JP3165648U - Multiple parallel automatic chip sorter - Google Patents

Abstract

PROBLEM TO BE SOLVED: To provide a plurality of parallel automatic chip classifiers capable of reducing costs, reducing the area used in a factory, and improving production efficiency. SOLUTION: A plurality of classification units 30, a wafer case 10 for storing a wafer 11, and a classification tray case 20 for storing a classification tray 21 are provided. Further, a shuttle mechanism 40 is provided which reciprocates between the plurality of sorting units 30, the wafer case 10 and the sorting tray case 20 to move the plurality of wafers 11 and the plurality of sorting trays 21 in and out. [Selection diagram] Fig. 3

Description

  The present invention relates to a chip sorter, and more particularly to a multiple parallel automatic chip sorter.

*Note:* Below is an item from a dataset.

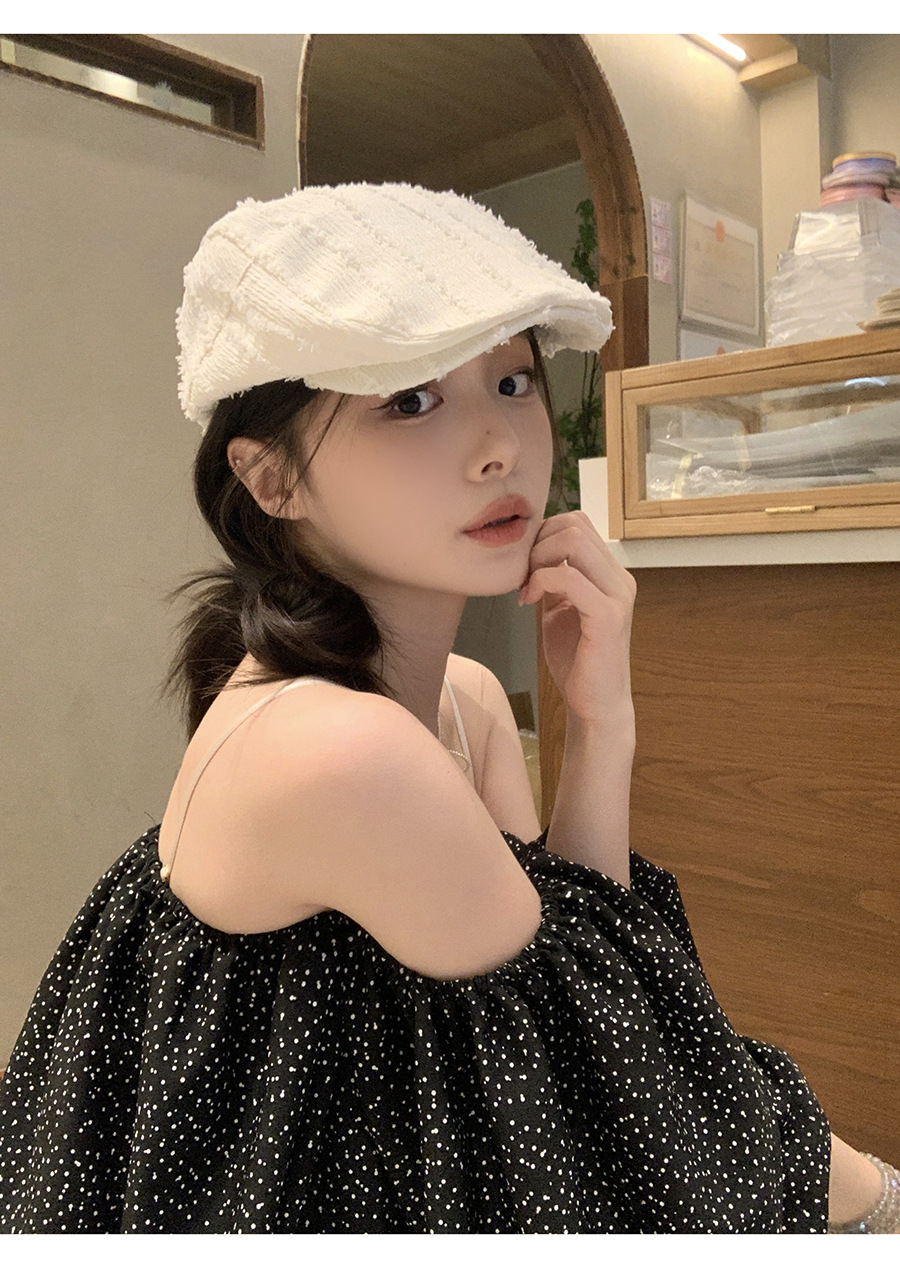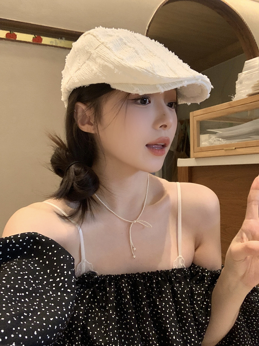 일본 틈새 디자인 센스 솔리드 컬러 포워드 모자 여성 레트로 모피 가장자리 얼굴 작은 모자 패션 문학 신문 어린이 모자스토어 가기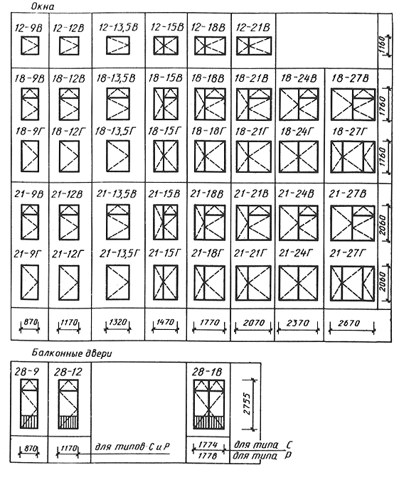 Черт. 1 Габаритные размеры окон и балконных дверей типов С и Р общественных зданий

  After the wafer is cut into a plurality of chips (die or chip) by dicing, it is necessary to classify the wafers according to quality, performance and product characteristics, and different grades of chips are used in different fields. Light emitting diodes (Light Emitted Diodes, LEDs), in particular, are manufactured on the same wafer even if the brightness, wavelength, color temperature, operating voltage, etc. of the diodes are produced on the same wafer due to differences in manufacturing process conditions. Some differences occur. The classification of light emitting diodes is gradually required to be subdivided, and now it is divided into 150 types. FIG. 1 is a perspective view showing a single semi-automatic sorter which is a prior art. The arm 1 picks up a plurality of classification waiting chips 3 on the wafer 2 and packs them on the classification tray 4. In FIG. 1, there are twelve classification trays 4, and a plurality of classification waiting chips 3 are divided into twelve types. When the classification of the plurality of classification waiting chips 3 on the wafer 2 is completed, it is manually replaced with another wafer 2 and the classification is continued.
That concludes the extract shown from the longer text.